I come to my blog today with neither anything of great eloquence or excitement of my own. I have a hard time sometimes wanting to write on my blog just because I feel like I don’t have anything splashing to say…nothing that I can throw in the lake and watch the ripples or marvel over it’s spatter of water it gives when I do my re-read. Today, I have to say I have been marveling over God’s word. Sometimes I feel like I’m reading at two different levels…not only does it speak to my intellect, but also to my heart.
I’m reading another book called God Girl by Hayley DiMarco. I picked it up because a friend of mine and I want to start a ministry for young girls-that middle school range. It was a great place to start, a fantastic book that I wish I read way back when… but in all honesty, I’m learning a lot right now… and I’m nearing my 30’s. Some of the topics hit like a pang on the heart, knowing that I have far to go in some areas in my life.
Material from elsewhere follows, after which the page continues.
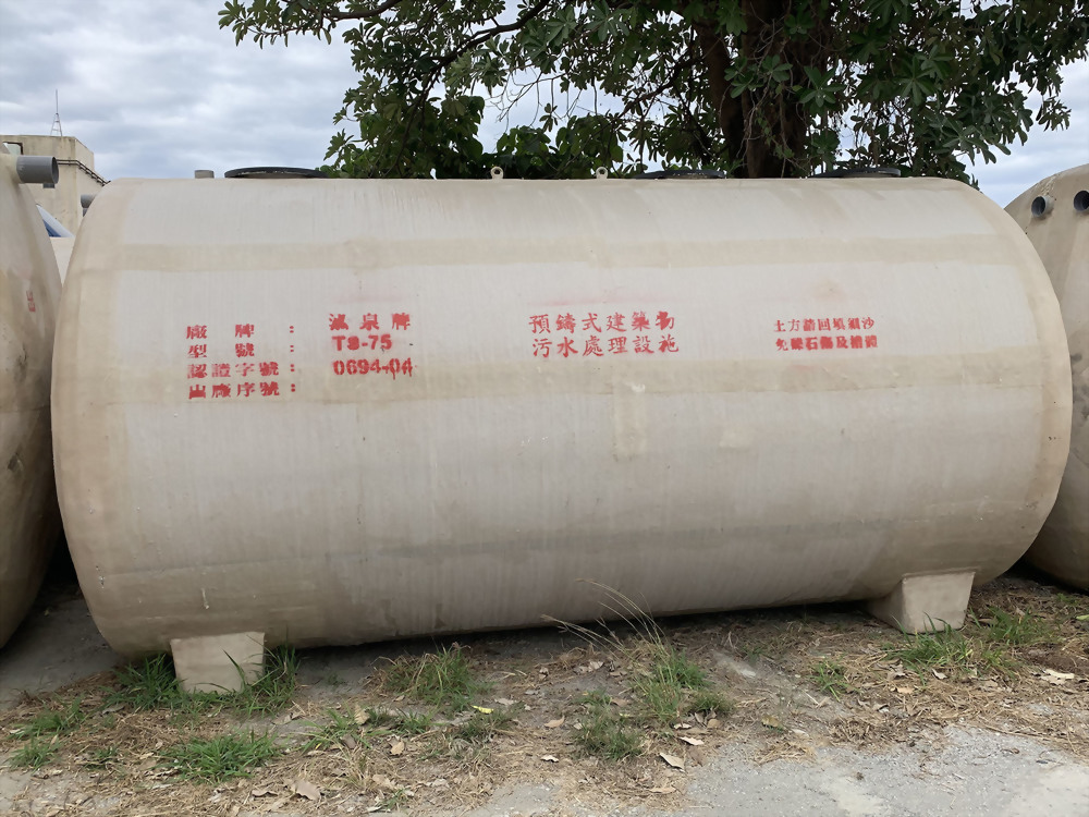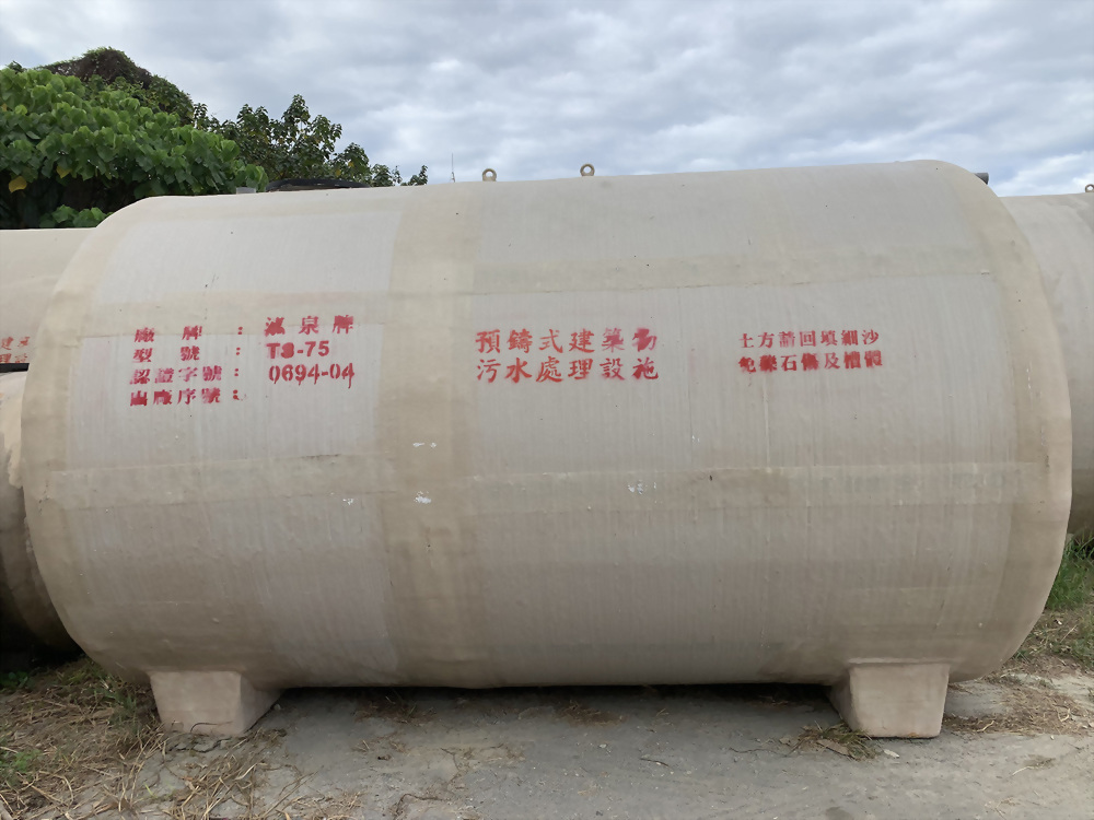 泓泉牌TS-75型號預鑄式建築物汙水處理設施,經環保署與內政部審共同審定通過並給予登記。本產品經廠鑄完成後,運至工地配接外管及機械設備。基本上採地上式、半地下式或地下式等皆可,但為兼顧實用與美觀,本產品應以埋入地下為宜,如此經覆土(施工)完成後,地面及人孔蓋皆為平坦,地上空間得以有效利用之。
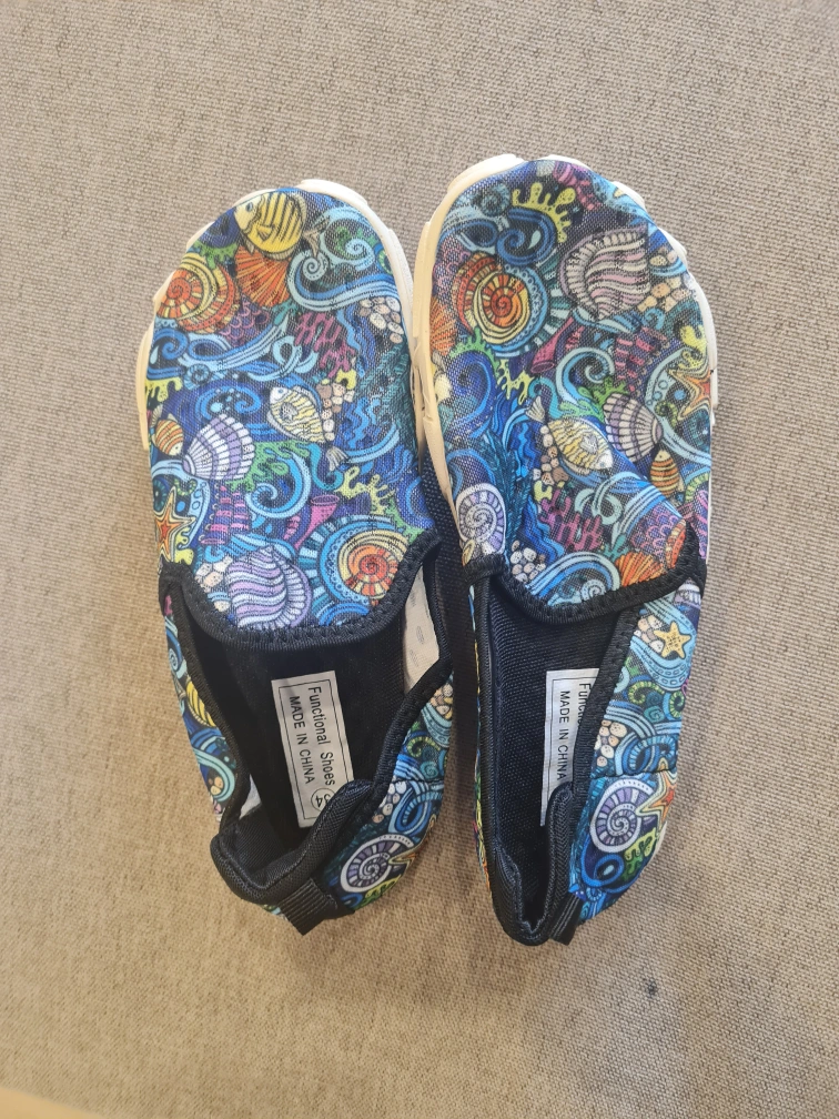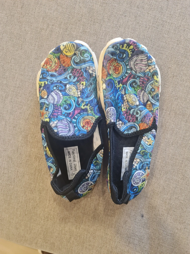 Blue, yellow, and green patterned water shoes with black trim. swimming shoe

It isn’t anything new, however, I’ve known myself for quite sometime. 🙂 Here is a small excerpt, a list of ways that you disagree with God…and that my friend, is a sin.
-hold a grudge
-obsess over something
-refuse to help
Feel a little convicted? Well, I did after this list and a lot of reading in the book. Something that I’ve held onto through the book has been the phrase, Let go. I think so many times I have a hard time just letting things go, I want to let whoever it is know that I’m hurt (cuz what if they didn’t know!?) or I want to be able to stand up for myself or making things “right”, etc. and so forth. This book had re-iterated time and again (felt like pounding at my heart with a hammer)–LET GO. It’s not mine to do. Here’s another excerpt:
A girl is a GOD GIRL when…
she stops whining and blaming and starts to look for the hidden justice of God. And as she starts to focus her thoughts on that justice of God, she stops blaming other people for her problems and heartache and builds up her holy nature. She stops fighting her circumstances and instead looks at them as tools in the hand of God to move her closer to him and to give her the strength that is part of being a God Girl.
After some time in prayer, some time in my bible and reading about what it means to be a God Girl, I found myself in a state of peace. I know and can very easily think of a few places (ok a lot of places) I’ve messed up, but that doesn’t mean I don’t get to start again. Sometimes I need a little kick in the butt to get back in the race. Trying my all to be the change I want to see in the world–to be a God Girl myself.